STS MICCAI 2023 Challenge: Grand challenge on 2D and 3D semi-supervised tooth segmentation
- URL: http://arxiv.org/abs/2407.13246v1
- Date: Thu, 18 Jul 2024 08:00:08 GMT
- Title: STS MICCAI 2023 Challenge: Grand challenge on 2D and 3D semi-supervised tooth segmentation
- Authors: Yaqi Wang, Yifan Zhang, Xiaodiao Chen, Shuai Wang, Dahong Qian, Fan Ye, Feng Xu, Hongyuan Zhang, Qianni Zhang, Chengyu Wu, Yunxiang Li, Weiwei Cui, Shan Luo, Chengkai Wang, Tianhao Li, Yi Liu, Xiang Feng, Huiyu Zhou, Dongyun Liu, Qixuan Wang, Zhouhao Lin, Wei Song, Yuanlin Li, Bing Wang, Chunshi Wang, Qiupu Chen, Mingqian Li,
- Abstract summary: The Semi-supervised Teeth (STS) Challenge was held as a part of the MICCAI 2023 Challenge on the Alibaba Tianchi platform.
This challenge aims to investigate effective semisupervised tooth segmentation algorithms to advance the field of dentistry.
We provide two modalities including the 2D panoramic X-ray images and the 3D CBCT tooth volumes.

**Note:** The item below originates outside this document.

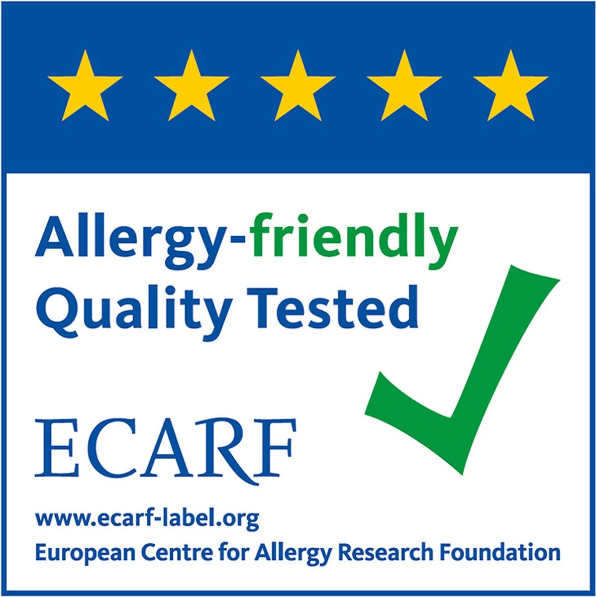 - Bevestigd als allergie-vriendelijk door ECARF, het instituut wat certificaten toekent aan producten die consumenten met allergiƫn ondersteunen in hun allerdaagse activiteiten.

- Score: 33.341833229434435
- License: http://arxiv.org/licenses/nonexclusive-distrib/1.0/
- Abstract: Computer-aided design (CAD) tools are increasingly popular in modern dental practice, particularly for treatment planning or comprehensive prognosis evaluation. In particular, the 2D panoramic X-ray image efficiently detects invisible caries, impacted teeth and supernumerary teeth in children, while the 3D dental cone beam computed tomography (CBCT) is widely used in orthodontics and endodontics due to its low radiation dose. However, there is no open-access 2D public dataset for children's teeth and no open 3D dental CBCT dataset, which limits the development of automatic algorithms for segmenting teeth and analyzing diseases. The Semi-supervised Teeth Segmentation (STS) Challenge, a pioneering event in tooth segmentation, was held as a part of the MICCAI 2023 ToothFairy Workshop on the Alibaba Tianchi platform. This challenge aims to investigate effective semi-supervised tooth segmentation algorithms to advance the field of dentistry. In this challenge, we provide two modalities including the 2D panoramic X-ray images and the 3D CBCT tooth volumes. In Task 1, the goal was to segment tooth regions in panoramic X-ray images of both adult and pediatric teeth. Task 2 involved segmenting tooth sections using CBCT volumes. Limited labelled images with mostly unlabelled ones were provided in this challenge prompt using semi-supervised algorithms for training. In the preliminary round, the challenge received registration and result submission by 434 teams, with 64 advancing to the final round. This paper summarizes the diverse methods employed by the top-ranking teams in the STS MICCAI 2023 Challenge.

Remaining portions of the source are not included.